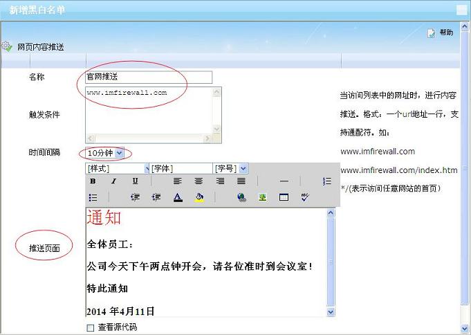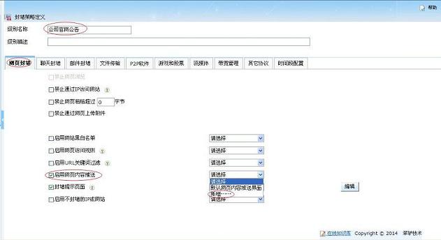 輸入級(jí)別名稱以及級(jí)別描述,(如:公司官網(wǎng)通知),選中網(wǎng)頁(yè)封堵選項(xiàng)卡,選擇“啟用網(wǎng)頁(yè)推送” ,點(diǎn)擊新增。
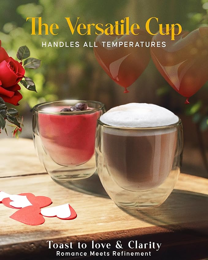 - Enjoy Hot or Cold Drinks Even Longer - Crafted with precision, our double walled glass coffee mugs ensures your hot drinks stay hot and your cold drinks stay cold, allowing you to relish every sip without compromise. Say hello to extended enjoyment with these clear glass coffee mugs that are as versatile as they are stylish. ¡Disfruta de tus bebidas calientes o frías por más tiempo con estas tazas para café de vidrio transparente de Kitchables!
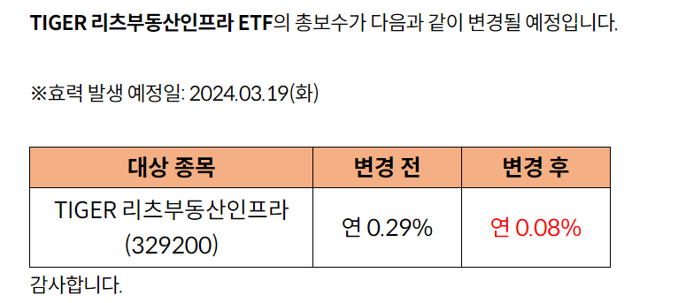 국내상장한 리츠 ETF중에서 0.09%로 가정 저렴한 보수로 투자가 가능
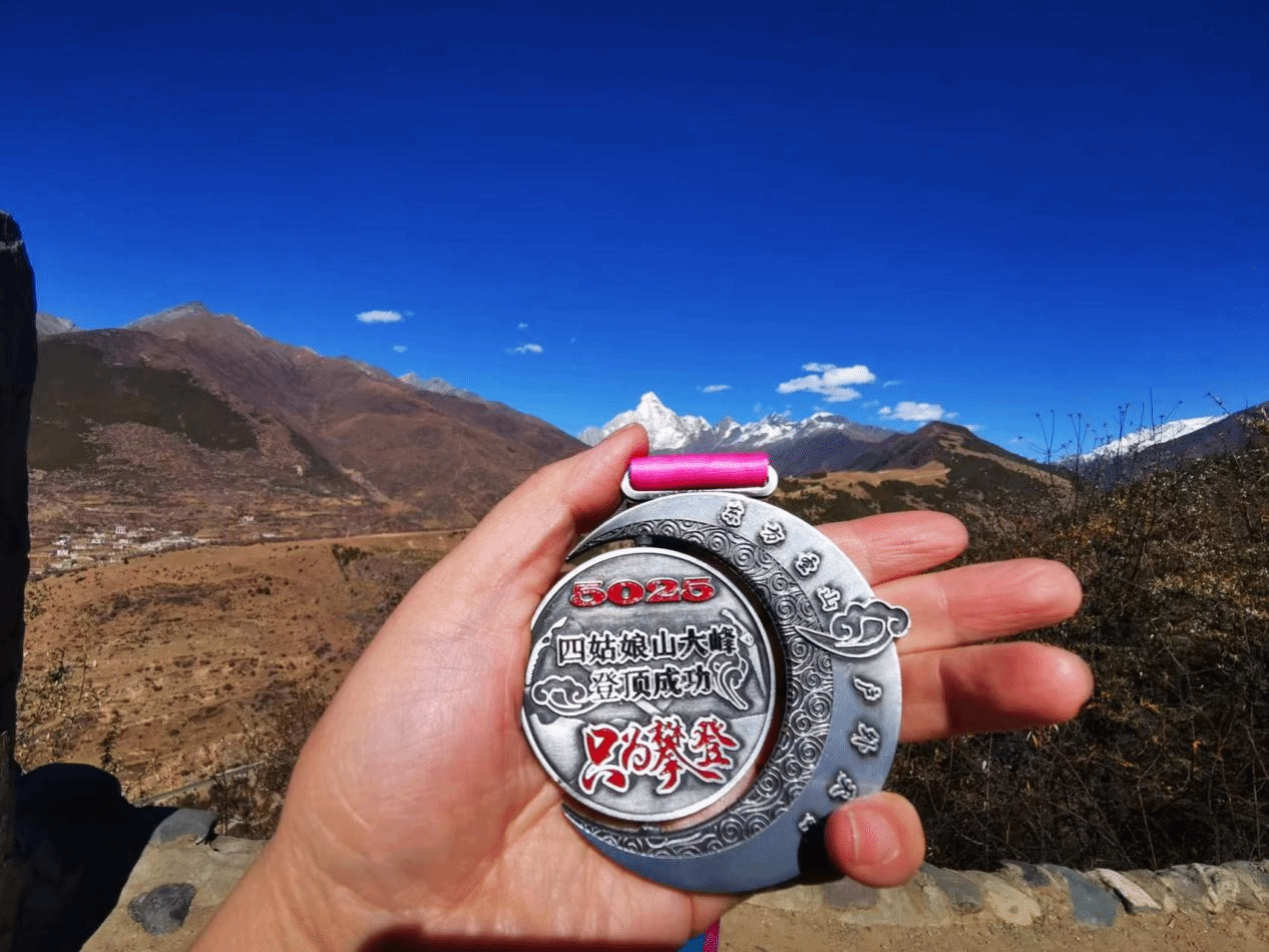2023年12月3日上午7点09分,重庆移通学院綦江校区户外运动队队员罗诗琪同学成功登顶四姑娘山大峰,海拔5025m。
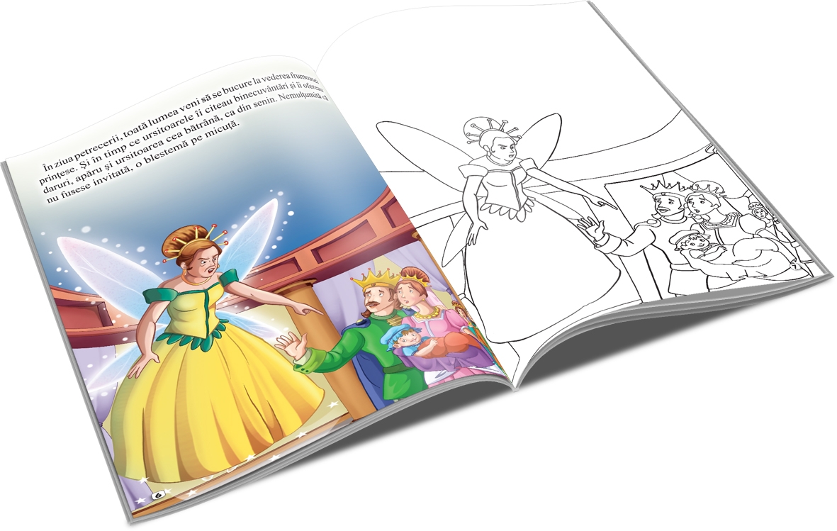 Carte de povesti si colorat, Frumoasa Adormita, 3 ani+
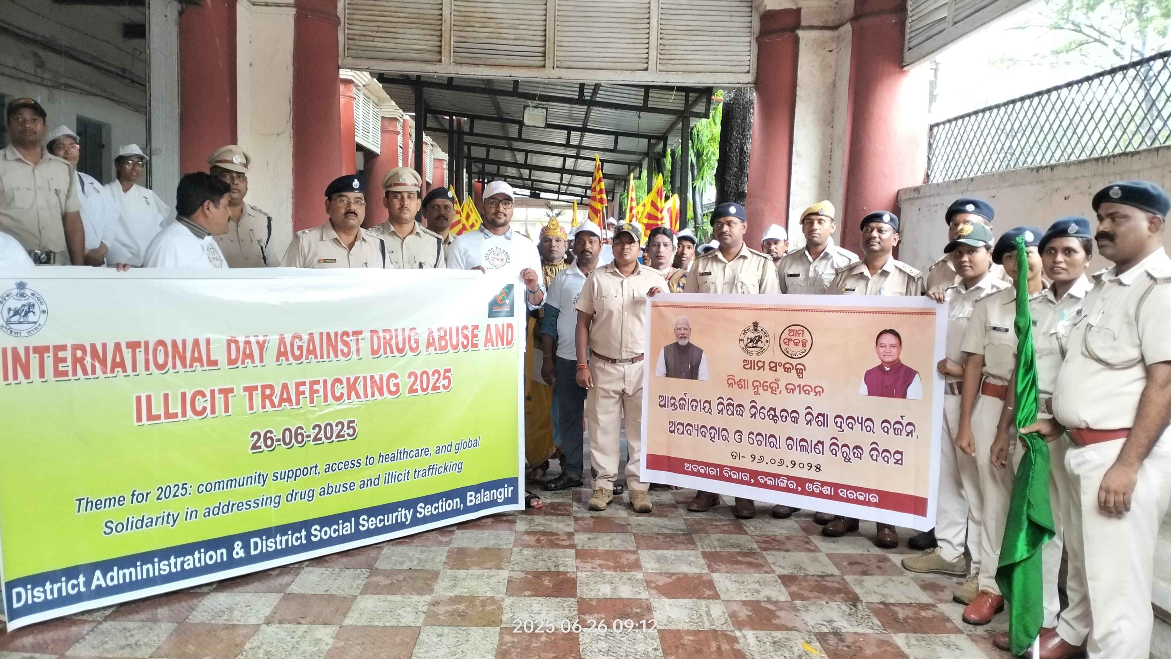 ବଲାଙ୍ଗିର(ପ୍ରେରଣା ଖବର):ଅନ୍ତର୍ଜାତୀୟ ନିଶା ଦ୍ରବ୍ୟର ଅପବ୍ୟବହାର ଓ ଅବୈଧଚଳନ ଦିବସରେ ବଲାଙ୍ଗିର ଜିଲ୍ଲା ଅବକାରୀ ବିଭାଗ ଓ ଜିଲ୍ଲା ସାମାଜିକ ସୁରକ୍ଷା ବିଭାଗତରଫରୁ ଏକ ସଚେତନତା ପଦଯାତ୍ରା ଅନୁଷ୍ଠିତ ହୋଇଥିଲା। ଏହି ପଦଯାତ୍ରାରେ ପୂଜ୍ୟପିତା ବ୍ରହ୍ମ କୁମାରୀ ଈଶ୍ୱରୀୟ ବିଶ୍ୱବିଦ୍ୟାଳୟର ସଦସ୍ୟଗଣ ଓ ପିପୁଲସ ଫୋରୋମ ଦ୍ବାରା ପରିଚାଳିତ ବଲାଙ୍ଗିର ନିଶା ନିବାରଣ କେନ୍ଦ୍ରର ପରିଚାଳକ ଓ
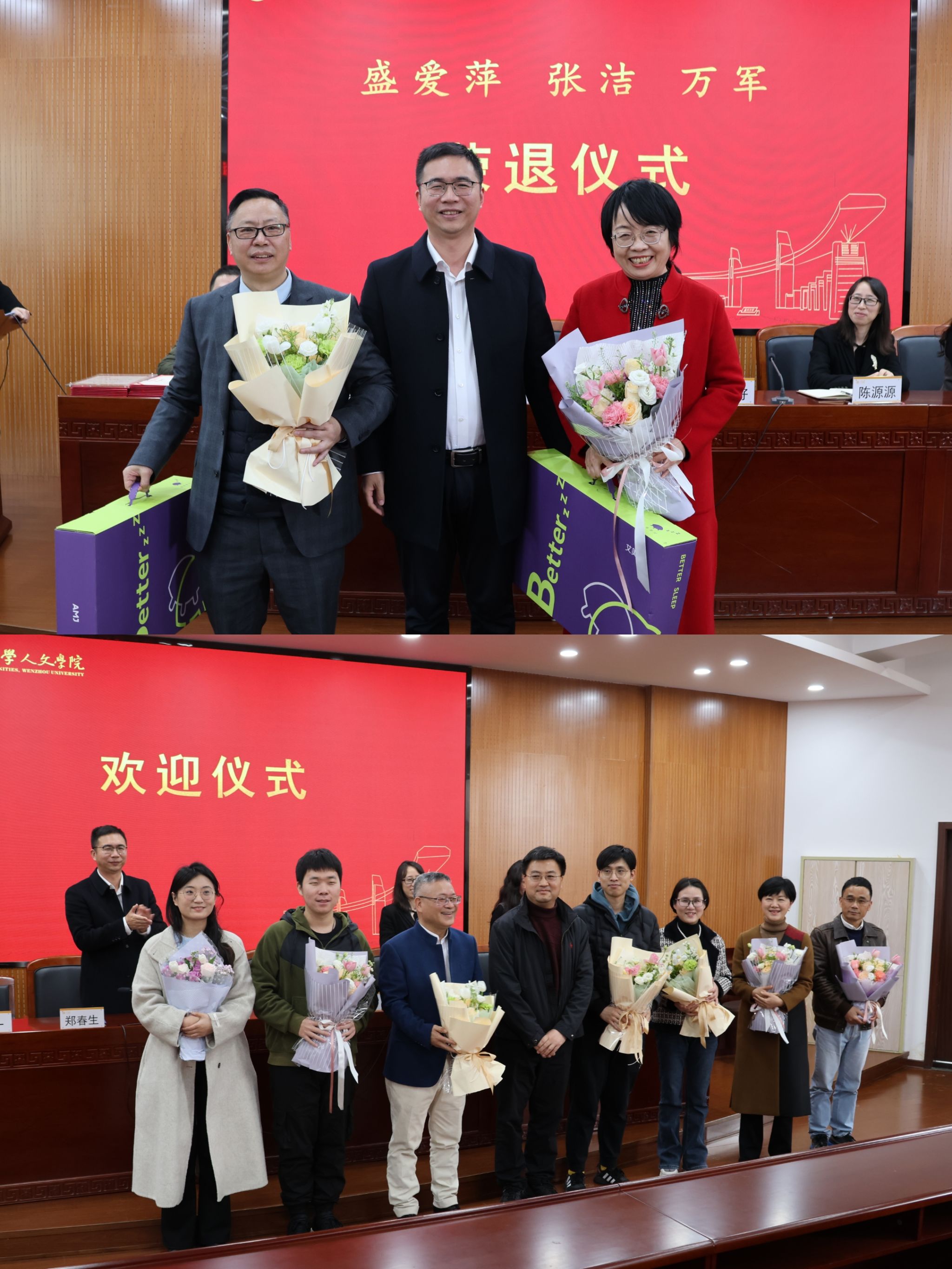 会议首先举行了教师荣退和欢迎仪式。党委书记江秀景为退休的盛爱萍、张洁老师送上鲜花与纪念品,表达了学院的美好祝福。两位退休教师分别表达了对学院举办此次欢送活动的感谢之情,对相伴相随近三十年的德赢ac米兰官方合作vwin同事伙伴充满不舍,对学院未来的发展充满期待,表示会一直关注并支持学院的发展。孙良好院长对新加入德赢ac米兰官方合作vwin大家庭的七位老师表达了诚挚的欢迎,欢迎有志之士来到德赢ac米兰官方合作vwin潜心教书科研,成就梦想。
━━━━━━━━━━━━━━━━━━━━━━━━━━━━━━
=== EXERCISE INSTRUCTIONS ===
Since the pictures are not part of the copy, transcribe only the remaining material, exactly.

=== SOLUTION FOR THIS EXERCISE ===
 輸入級(jí)別名稱以及級(jí)別描述,(如:公司官網(wǎng)通知),選中網(wǎng)頁(yè)封堵選項(xiàng)卡,選擇“啟用網(wǎng)頁(yè)推送” ,點(diǎn)擊新增。
 - Enjoy Hot or Cold Drinks Even Longer - Crafted with precision, our double walled glass coffee mugs ensures your hot drinks stay hot and your cold drinks stay cold, allowing you to relish every sip without compromise. Say hello to extended enjoyment with these clear glass coffee mugs that are as versatile as they are stylish. ¡Disfruta de tus bebidas calientes o frías por más tiempo con estas tazas para café de vidrio transparente de Kitchables!
 국내상장한 리츠 ETF중에서 0.09%로 가정 저렴한 보수로 투자가 가능
2023年12月3日上午7点09分,重庆移通学院綦江校区户外运动队队员罗诗琪同学成功登顶四姑娘山大峰,海拔5025m。
 Carte de povesti si colorat, Frumoasa Adormita, 3 ani+
 ବଲାଙ୍ଗିର(ପ୍ରେରଣା ଖବର):ଅନ୍ତର୍ଜାତୀୟ ନିଶା ଦ୍ରବ୍ୟର ଅପବ୍ୟବହାର ଓ ଅବୈଧଚଳନ ଦିବସରେ ବଲାଙ୍ଗିର ଜିଲ୍ଲା ଅବକାରୀ ବିଭାଗ ଓ ଜିଲ୍ଲା ସାମାଜିକ ସୁରକ୍ଷା ବିଭାଗତରଫରୁ ଏକ ସଚେତନତା ପଦଯାତ୍ରା ଅନୁଷ୍ଠିତ ହୋଇଥିଲା। ଏହି ପଦଯାତ୍ରାରେ ପୂଜ୍ୟପିତା ବ୍ରହ୍ମ କୁମାରୀ ଈଶ୍ୱରୀୟ ବିଶ୍ୱବିଦ୍ୟାଳୟର ସଦସ୍ୟଗଣ ଓ ପିପୁଲସ ଫୋରୋମ ଦ୍ବାରା ପରିଚାଳିତ ବଲାଙ୍ଗିର ନିଶା ନିବାରଣ କେନ୍ଦ୍ରର ପରିଚାଳକ ଓ
 会议首先举行了教师荣退和欢迎仪式。党委书记江秀景为退休的盛爱萍、张洁老师送上鲜花与纪念品,表达了学院的美好祝福。两位退休教师分别表达了对学院举办此次欢送活动的感谢之情,对相伴相随近三十年的德赢ac米兰官方合作vwin同事伙伴充满不舍,对学院未来的发展充满期待,表示会一直关注并支持学院的发展。孙良好院长对新加入德赢ac米兰官方合作vwin大家庭的七位老师表达了诚挚的欢迎,欢迎有志之士来到德赢ac米兰官方合作vwin潜心教书科研,成就梦想。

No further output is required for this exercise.